EXTRACTED RECORDS:

──────────────────────────────

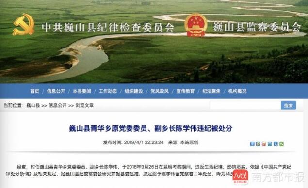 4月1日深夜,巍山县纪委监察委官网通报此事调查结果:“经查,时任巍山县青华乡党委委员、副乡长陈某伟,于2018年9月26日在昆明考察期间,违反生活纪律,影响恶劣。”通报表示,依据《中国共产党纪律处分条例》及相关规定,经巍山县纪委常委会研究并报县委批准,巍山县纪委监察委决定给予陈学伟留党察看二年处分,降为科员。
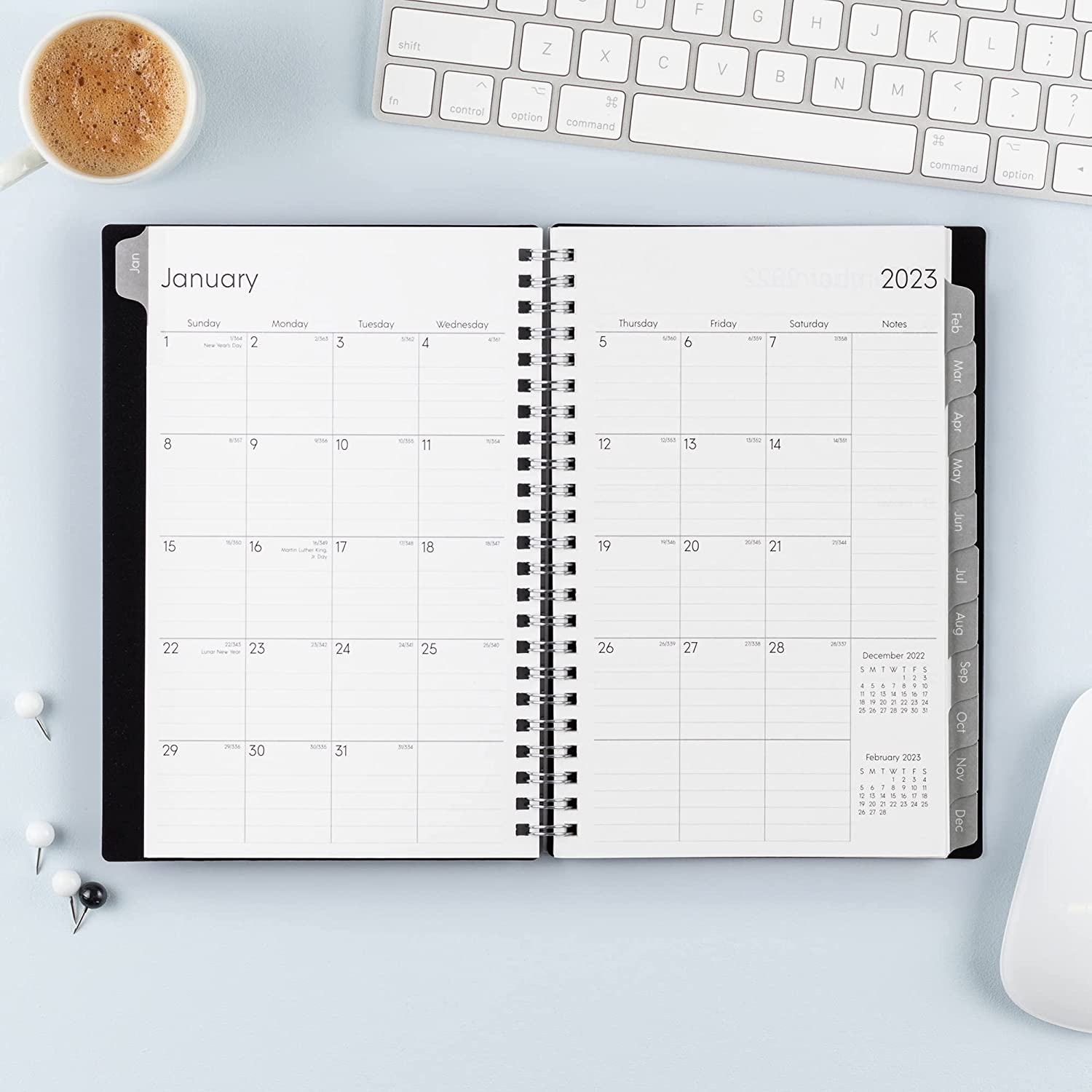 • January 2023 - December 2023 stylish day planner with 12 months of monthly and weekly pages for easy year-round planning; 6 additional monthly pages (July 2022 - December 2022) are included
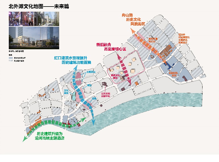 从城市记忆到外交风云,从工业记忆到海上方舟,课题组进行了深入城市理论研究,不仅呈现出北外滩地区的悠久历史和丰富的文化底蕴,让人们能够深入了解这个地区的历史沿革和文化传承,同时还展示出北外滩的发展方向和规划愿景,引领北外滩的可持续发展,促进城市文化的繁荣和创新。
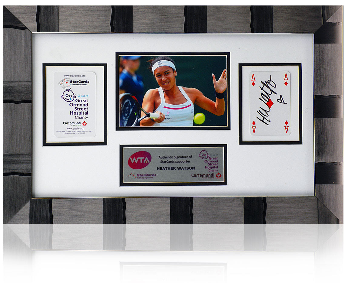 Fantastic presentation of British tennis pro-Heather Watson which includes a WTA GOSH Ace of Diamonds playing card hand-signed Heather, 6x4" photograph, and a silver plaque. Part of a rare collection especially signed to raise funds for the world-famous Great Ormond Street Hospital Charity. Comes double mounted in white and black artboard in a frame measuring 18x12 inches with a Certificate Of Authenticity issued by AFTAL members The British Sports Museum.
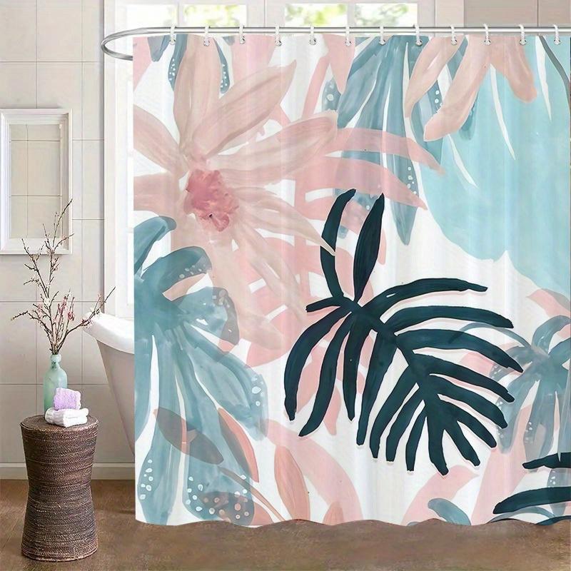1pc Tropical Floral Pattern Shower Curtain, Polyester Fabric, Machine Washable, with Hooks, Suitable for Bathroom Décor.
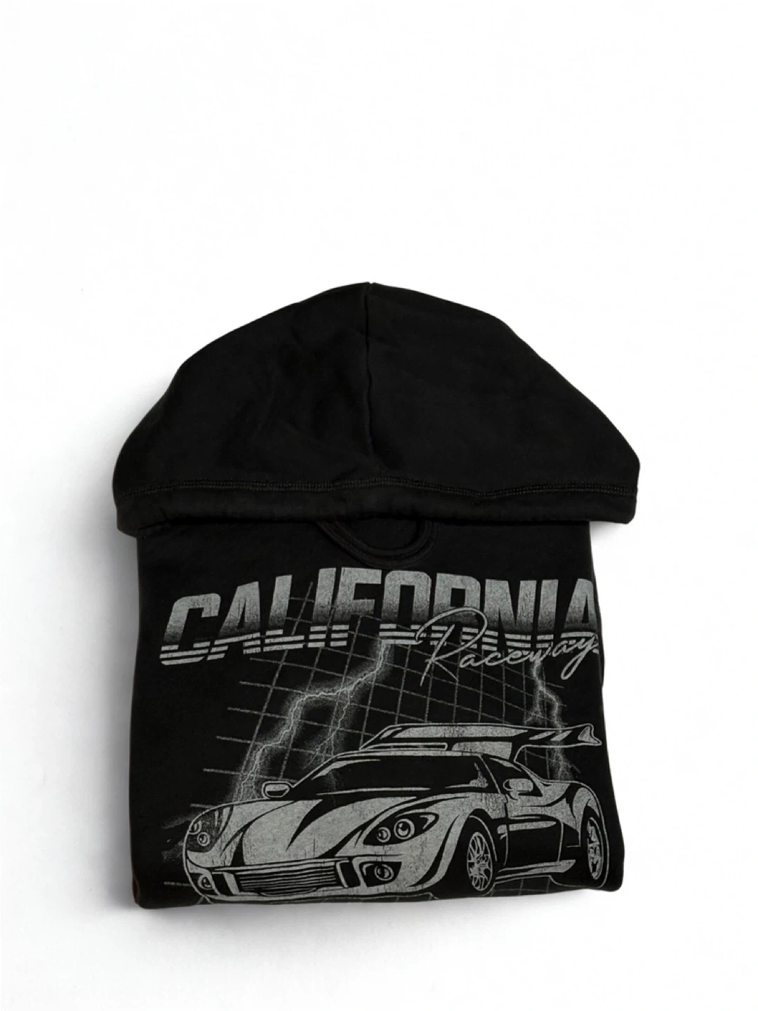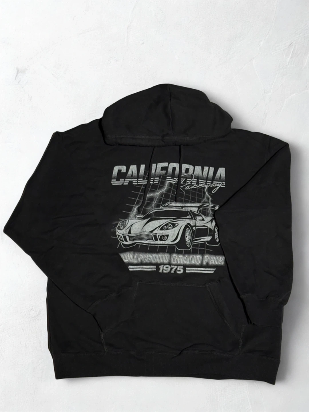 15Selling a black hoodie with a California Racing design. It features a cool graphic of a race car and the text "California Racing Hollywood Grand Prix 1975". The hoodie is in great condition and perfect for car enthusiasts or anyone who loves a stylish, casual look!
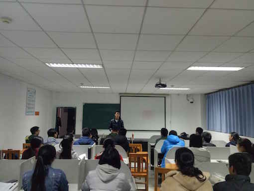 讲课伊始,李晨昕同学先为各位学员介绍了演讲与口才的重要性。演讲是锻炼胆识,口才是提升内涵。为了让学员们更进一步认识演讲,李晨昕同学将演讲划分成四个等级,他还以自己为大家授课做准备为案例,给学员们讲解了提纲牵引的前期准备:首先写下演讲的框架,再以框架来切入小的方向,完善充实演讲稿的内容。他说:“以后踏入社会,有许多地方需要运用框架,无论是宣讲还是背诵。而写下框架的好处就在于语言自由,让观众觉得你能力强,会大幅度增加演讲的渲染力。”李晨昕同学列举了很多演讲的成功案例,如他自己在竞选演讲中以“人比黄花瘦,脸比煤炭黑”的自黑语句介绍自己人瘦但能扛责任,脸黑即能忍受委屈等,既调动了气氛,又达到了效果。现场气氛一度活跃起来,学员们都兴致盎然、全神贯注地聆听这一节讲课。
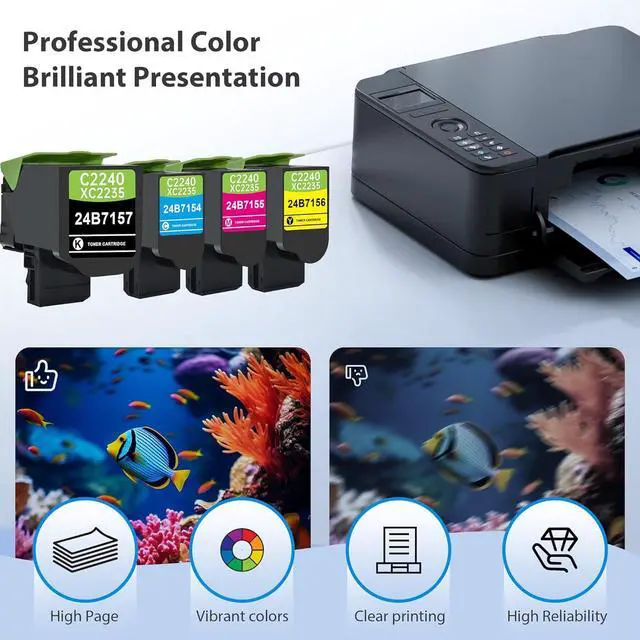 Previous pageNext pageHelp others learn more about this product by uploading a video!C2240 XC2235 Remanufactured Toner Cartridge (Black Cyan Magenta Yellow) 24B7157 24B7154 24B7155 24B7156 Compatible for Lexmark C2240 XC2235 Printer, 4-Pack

──────────────────────────────

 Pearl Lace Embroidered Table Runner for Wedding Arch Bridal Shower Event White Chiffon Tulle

──────────────────────────────

ABOUT THIS TASK: Pictures excluded, give again exactly and only the lines of the material above from the line with "讲课伊始,李晨昕同学先为各位" through the line with "Previous pageNext pageHelp".

SOLVED EXERCISE:
 讲课伊始,李晨昕同学先为各位学员介绍了演讲与口才的重要性。演讲是锻炼胆识,口才是提升内涵。为了让学员们更进一步认识演讲,李晨昕同学将演讲划分成四个等级,他还以自己为大家授课做准备为案例,给学员们讲解了提纲牵引的前期准备:首先写下演讲的框架,再以框架来切入小的方向,完善充实演讲稿的内容。他说:“以后踏入社会,有许多地方需要运用框架,无论是宣讲还是背诵。而写下框架的好处就在于语言自由,让观众觉得你能力强,会大幅度增加演讲的渲染力。”李晨昕同学列举了很多演讲的成功案例,如他自己在竞选演讲中以“人比黄花瘦,脸比煤炭黑”的自黑语句介绍自己人瘦但能扛责任,脸黑即能忍受委屈等,既调动了气氛,又达到了效果。现场气氛一度活跃起来,学员们都兴致盎然、全神贯注地聆听这一节讲课。
 Previous pageNext pageHelp others learn more about this product by uploading a video!C2240 XC2235 Remanufactured Toner Cartridge (Black Cyan Magenta Yellow) 24B7157 24B7154 24B7155 24B7156 Compatible for Lexmark C2240 XC2235 Printer, 4-Pack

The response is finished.